◆ REQUIREMENT ◆
Leave out every picture, and restate word for word only the lines from the one containing "- Locate the" through the end of the material.

◆ SOURCE DATA ◆

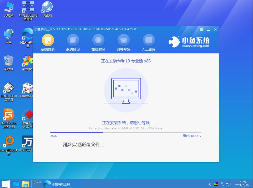 5、来到pe系统内,小鱼装机软件自动安装win10系统。
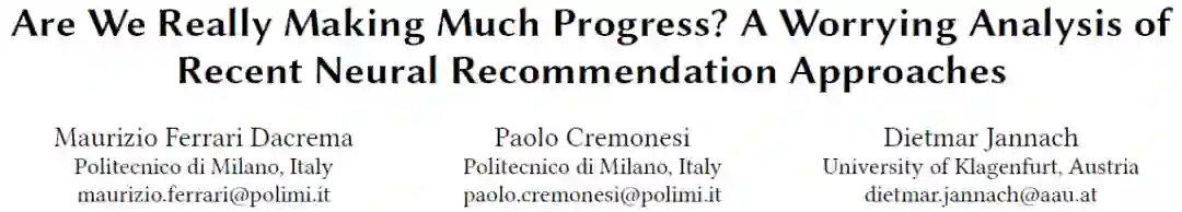题目:Are We Really Making Much Progress? A Worrying Analysis of Recent Neural Recommendation Approaches
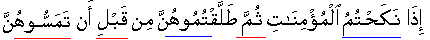 There is nothing contracting/condemning/blemish-worthy liable upon you people if you divorce [for compelling reasons] your just wed-wives with whom you have not yet established intimate matrimonial association. [Refer 2:236]
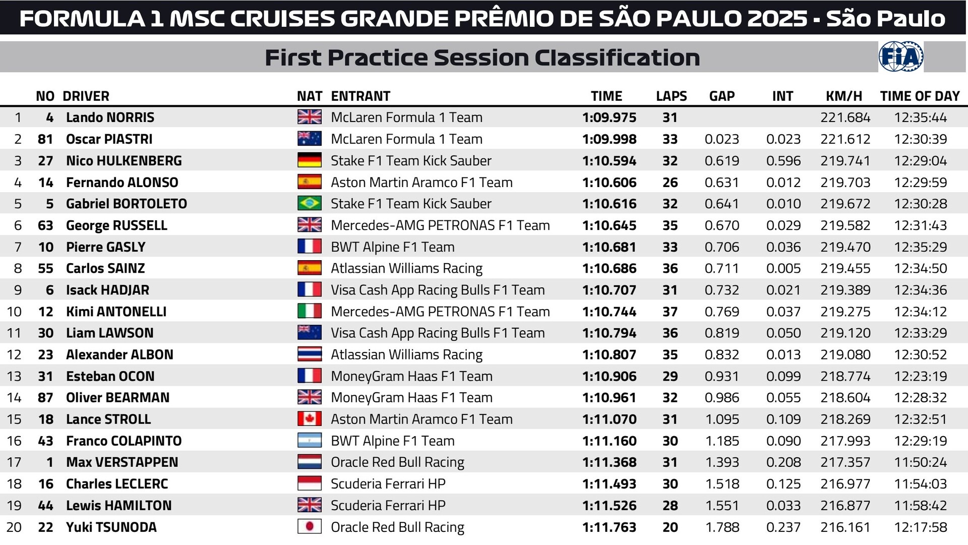 2025年F1サンパウロGPフリー走行1回目
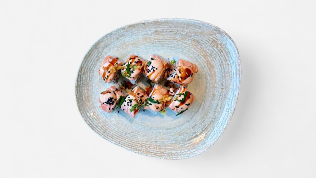 Salmon, cucumber, avocado norimaki topped with flamed salmon, mayo, sweet soy sauce, kimchi sesame, spring onions
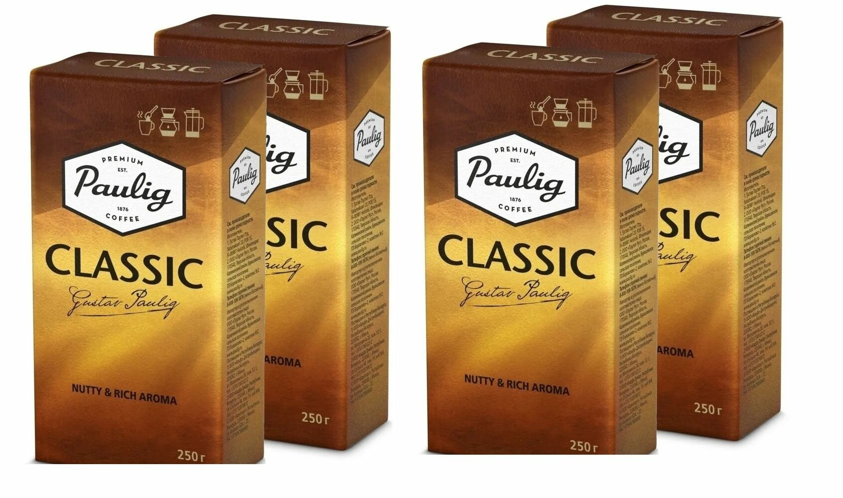 Кофе молотый Paulig Classic 250 г., в вакуумной упаковке, набор из 4 шт информация:
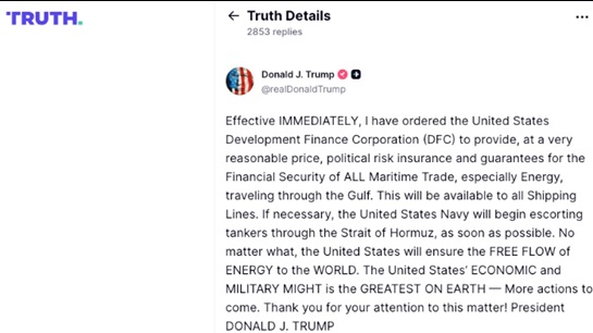As the war in the Middle East escalates, US President Donald Trump has ordered the US International Development Finance Corporation (DFC) to provide sweeping political risk insurance and unspecified guarantees for maritime trade.
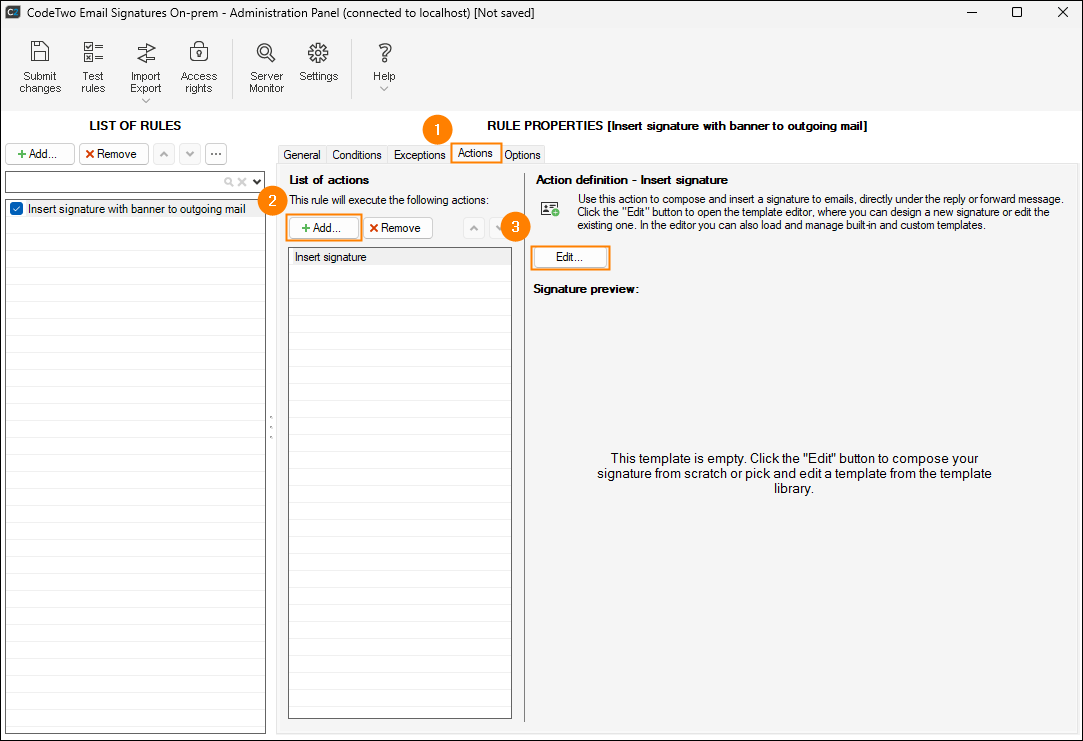 Move to the Actions tab, click Add and choose Insert signature from the list. After the action is added to the list of actions, click Edit (Fig. 4.) to open the template editor and compose your signature template including the marketing banner (Fig. 5.).
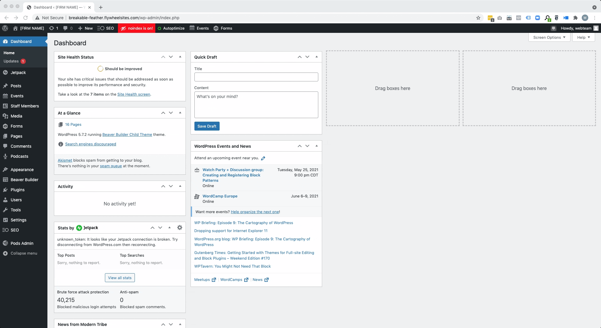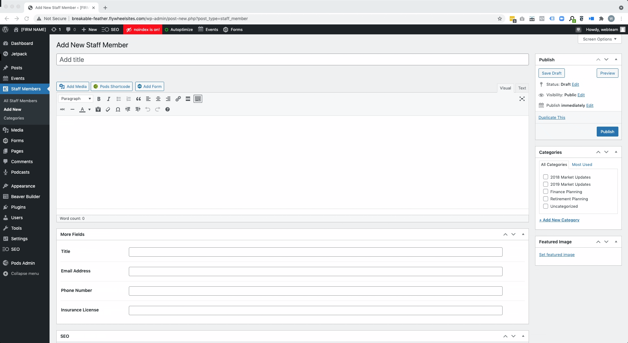 - Locate the “Staff Members” tab in the dashboard view of the site. You can either hover over “Staff Members” and click “Add New” to immediately open up a new staff member, or you can click on “Staff Memebers” which will take you to a listing of all staff.
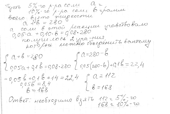 сколько 5-ти процентногои сколько 10-ти процентного растворов соли нужно взятьчтобы получить 280 г 8-ми процентногораствора соли? помогите*)))

◆ ANSWER ◆
 - Locate the “Staff Members” tab in the dashboard view of the site. You can either hover over “Staff Members” and click “Add New” to immediately open up a new staff member, or you can click on “Staff Memebers” which will take you to a listing of all staff.
 сколько 5-ти процентногои сколько 10-ти процентного растворов соли нужно взятьчтобы получить 280 г 8-ми процентногораствора соли? помогите*)))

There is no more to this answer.